A paciente nega pesadelos ou movimentos anormais dos membros. Ronca pouco e é
sedentária.
12. Sobre o diagnóstico da paciente do caso clínico, com base nos critérios do DSM-V,
assinale a alternativa correta.
A) Trata-se de um TI, que requer a introdução da medicação solicitada pela paciente
(clonazepam).
B) Trata-se de um TI, cujo tratamento é baseado no uso de melatonina ou agonista
melatoninérgico.
C) Não se trata de TI, mas o uso de uma medicação pode e deve ser feito no momento.
D) Trata-se de uma queixa subjetiva de insônia, cujo tratamento no momento é
comportamental, com higiene do sono e substituição/suspensão do diurético.
Confira aqui a resposta
Conclusão
A insônia é muito comum em idosos. Investigar o padrão de sono do idoso e sua
qualidade é parte importante da consulta médica. Deve-se ficar atento à má percepção
do sono em idosos e, se confirmada a insônia, tentar identificar fatores desencadeantes e
agravantes para que sejam devidamente tratados.
A primeira linha de intervenção para insônia em idosos é a abordagem não
farmacológica, baseada em mudanças de hábitos, higiene do sono e TCC-I em casos
específicos.
É importante que o idoso saiba que o tratamento não farmacológico é eficaz e mais
duradouro.

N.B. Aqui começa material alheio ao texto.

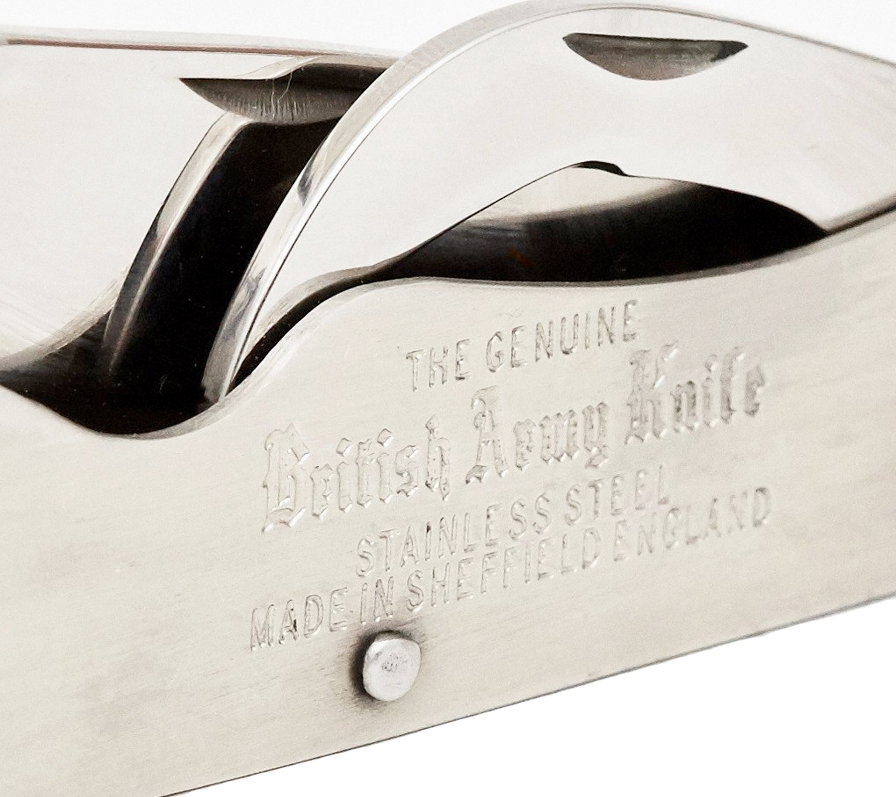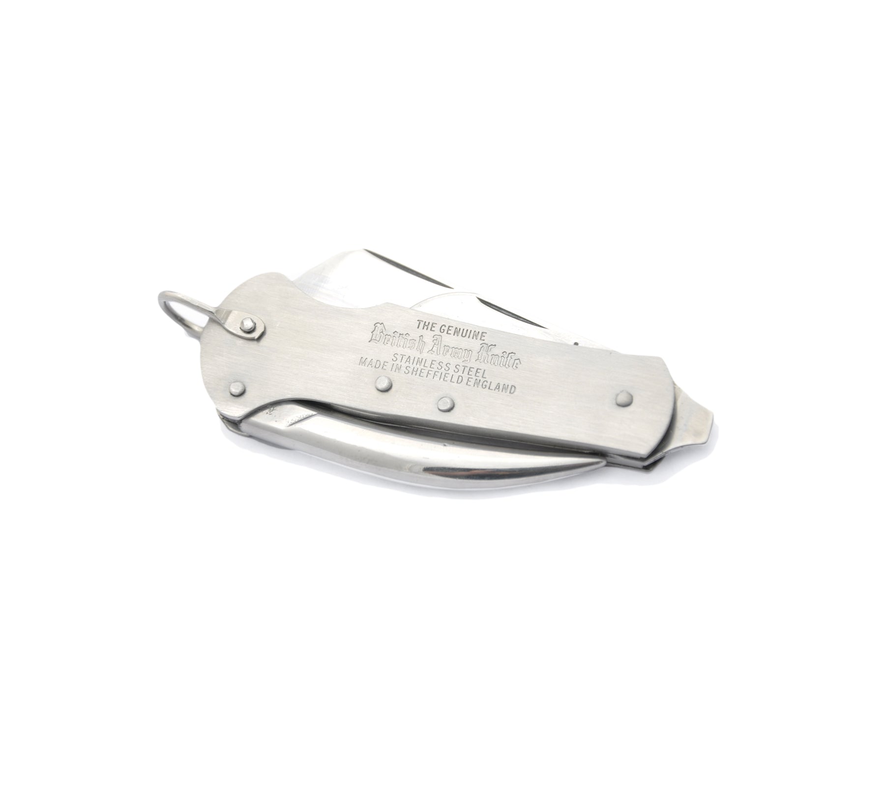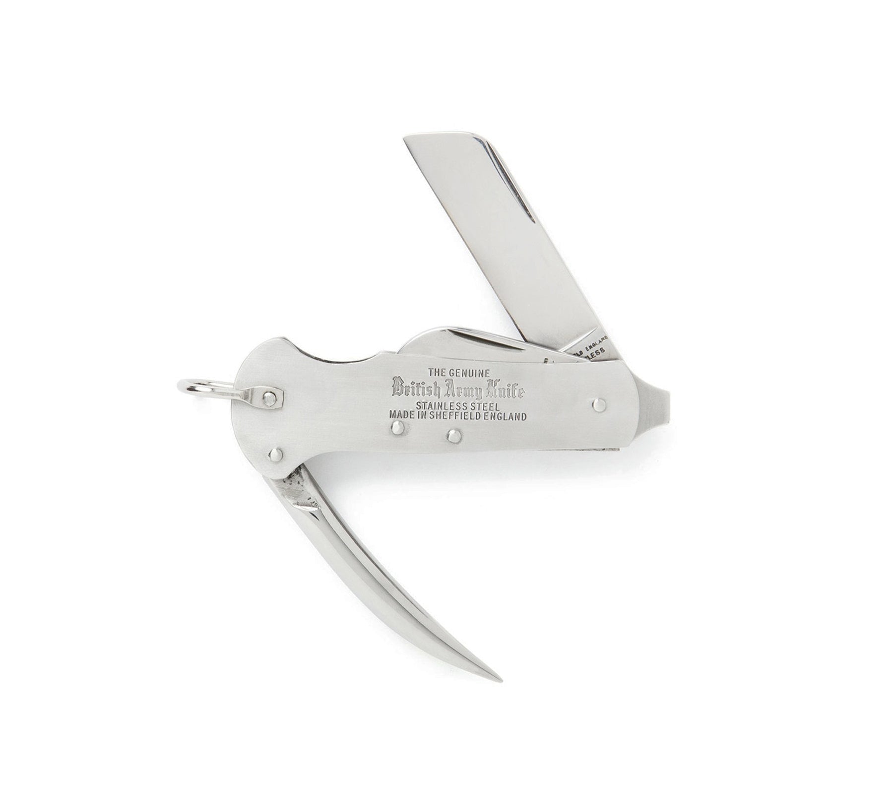 Made in UK from stainless steel. Measures 3 3/4" closed and features a stainless steel Sheepfoot Blade for heavy duty cutting, a can-opener tool and a marline spike for rope work. The handle has an integrated screwdriver and is fitted with a shackle to allow attachment to a lanyard. Stamped on the handle with "The Genuine British Army Knife Stainless Steel Sheffield England" seal.

Na necessidade do uso de um fármaco, deve-se dar preferência aos fármacos
Z, como o zolpidem, por exemplo, realçando a importância do uso por curto período.
Fármacos como antidepressivos e antipsicóticos podem ser usados em situações
específicas, como insônia associada à depressão e nos transtornos psicóticos. Deve-se
evitar o uso de benzodiazepínicos e nunca usar anti-histamínicos para induzir o sono no
idoso.
A insônia não deve ser ignorada, sobretudo no indivíduo idoso. Seu tratamento melhora
substancialmente a qualidade de vida e reduz sobremaneira o risco de outras doenças,
como demência e depressão, frequentemente observadas na geriatria.